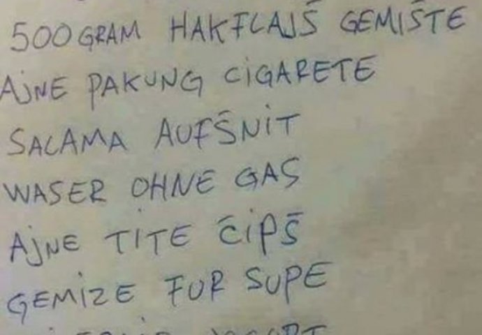 Kažu da hljeb nije ukusan kada nisi u svojoj zemlji, ali se ipak mora jesti i ići u kupovinu. Za nabavku treba napraviti i spisak, a ovako to izgleda kada ga napravi jedan Bosanac u Njemačkoj, čije ime nije poznato.
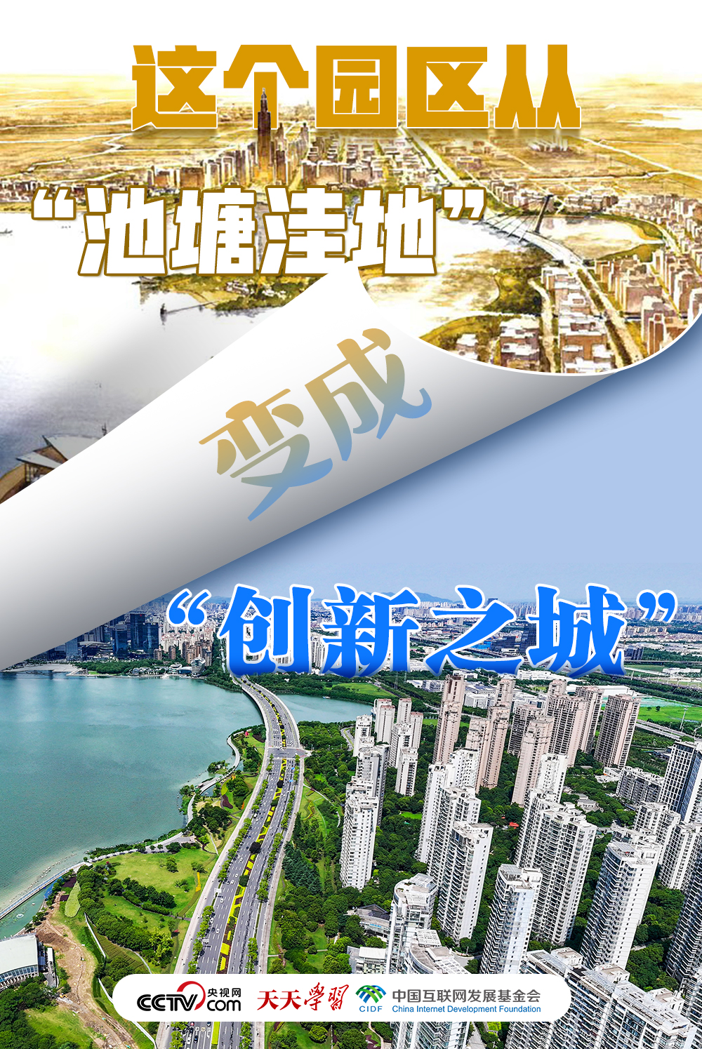 拼版照片:上图为1994年绘制的苏州工业园区规划图;中图为2007年拍摄的苏州工业园区;下图为2023年7月4日用无人机拍摄的苏州工业园区。
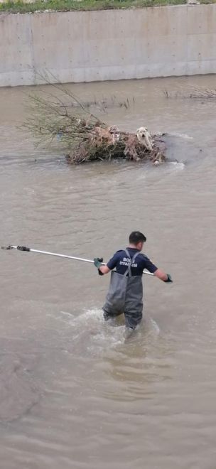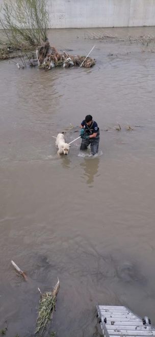 Edinilen bilgiye göre, Berk Mahallesi'nde bulunan deredeki ağaç parçasının üzerin çıkan köpek, dereden çıkamadı. Köpeğin mahsur kaldığını gören vatandaşlar durumu itfaiye ekiplerine bildirdi. İhbar üzerine olay yerine itfaiye ekipleri sevk edildi. Ekipler, merdiven yardımıyla dereye inerek köpeğin mahsur kaldığı yere gitti.
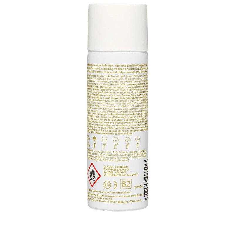 Instantly cleanse and refresh all hair types without any chalky residue with the evo Water Killer Dry Shampoo in Brunette. This two-in-one dry shampoo and styling spray works to quickly freshen the feel, look and smell of hair while replacing excess oil with effortless volume and texture. Ideal for all hair types and specially formulated for brunette hair, this dry shampoo is infused with dark pigment which blends with dark/brunette tones, providing grey coverage.
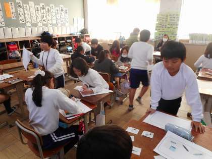 単元の最後の活動として,これまで活動したことを使い,自分のお気に入りの文房具セットをつくりました。「Do you have a pen?」客と店に分かれて,英語で文防具を持っているかを訪ねていきます。あいさつをしたり,身振りを取り入れたりと,それぞれが工夫して楽しく活動できていました。
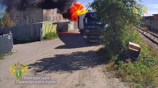 Водитель выехал на горящей фуре
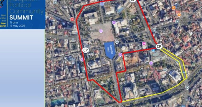 “Nga ora 06:00 – 18:00 të datës 16.05.2025, do të jetë i paaksesueshem nga këmbësorë dhe mjete, i gjithë perimetri i sheshit ku do të zhvillohet aktiviteti, perimetër i cili përfshin rrugët: Nga kryqëzimi me bulevardin “Zhan d’Ark” deri në kryqëzimin e rrugës “Myslym Shyri”, segmentin e rrugës “Myslym Shyri” nga kryqëzimi me rrugën “Ibrahim Rrugova” deri në kryqëzimin me bulevardin “Dëshmorët e Kombi”, rrugën “Ibrahim Rrugova” nga kryqëzimi me rrugën “Myslym Shyri” deri në kryqëzimin me rrugën e Kavajës, rrugën “Ded Gjo Luli”, rrugën “Urani Pano” në vazhdim rrugën e Barrikadave deri në kryqëzimin me rrugën “George Ë. Bush” dhe bulevardi “Zogu i I” deri te tuneli i “ish-Cirkut”.

+++

[Exercise aim]:
Produce the full material again verbatim, with the pictures dropped.

[Exercise result]:
 Kažu da hljeb nije ukusan kada nisi u svojoj zemlji, ali se ipak mora jesti i ići u kupovinu. Za nabavku treba napraviti i spisak, a ovako to izgleda kada ga napravi jedan Bosanac u Njemačkoj, čije ime nije poznato.
 拼版照片:上图为1994年绘制的苏州工业园区规划图;中图为2007年拍摄的苏州工业园区;下图为2023年7月4日用无人机拍摄的苏州工业园区。
 Edinilen bilgiye göre, Berk Mahallesi'nde bulunan deredeki ağaç parçasının üzerin çıkan köpek, dereden çıkamadı. Köpeğin mahsur kaldığını gören vatandaşlar durumu itfaiye ekiplerine bildirdi. İhbar üzerine olay yerine itfaiye ekipleri sevk edildi. Ekipler, merdiven yardımıyla dereye inerek köpeğin mahsur kaldığı yere gitti.
 Instantly cleanse and refresh all hair types without any chalky residue with the evo Water Killer Dry Shampoo in Brunette. This two-in-one dry shampoo and styling spray works to quickly freshen the feel, look and smell of hair while replacing excess oil with effortless volume and texture. Ideal for all hair types and specially formulated for brunette hair, this dry shampoo is infused with dark pigment which blends with dark/brunette tones, providing grey coverage.
 単元の最後の活動として,これまで活動したことを使い,自分のお気に入りの文房具セットをつくりました。「Do you have a pen?」客と店に分かれて,英語で文防具を持っているかを訪ねていきます。あいさつをしたり,身振りを取り入れたりと,それぞれが工夫して楽しく活動できていました。
 Водитель выехал на горящей фуре
 “Nga ora 06:00 – 18:00 të datës 16.05.2025, do të jetë i paaksesueshem nga këmbësorë dhe mjete, i gjithë perimetri i sheshit ku do të zhvillohet aktiviteti, perimetër i cili përfshin rrugët: Nga kryqëzimi me bulevardin “Zhan d’Ark” deri në kryqëzimin e rrugës “Myslym Shyri”, segmentin e rrugës “Myslym Shyri” nga kryqëzimi me rrugën “Ibrahim Rrugova” deri në kryqëzimin me bulevardin “Dëshmorët e Kombi”, rrugën “Ibrahim Rrugova” nga kryqëzimi me rrugën “Myslym Shyri” deri në kryqëzimin me rrugën e Kavajës, rrugën “Ded Gjo Luli”, rrugën “Urani Pano” në vazhdim rrugën e Barrikadave deri në kryqëzimin me rrugën “George Ë. Bush” dhe bulevardi “Zogu i I” deri te tuneli i “ish-Cirkut”.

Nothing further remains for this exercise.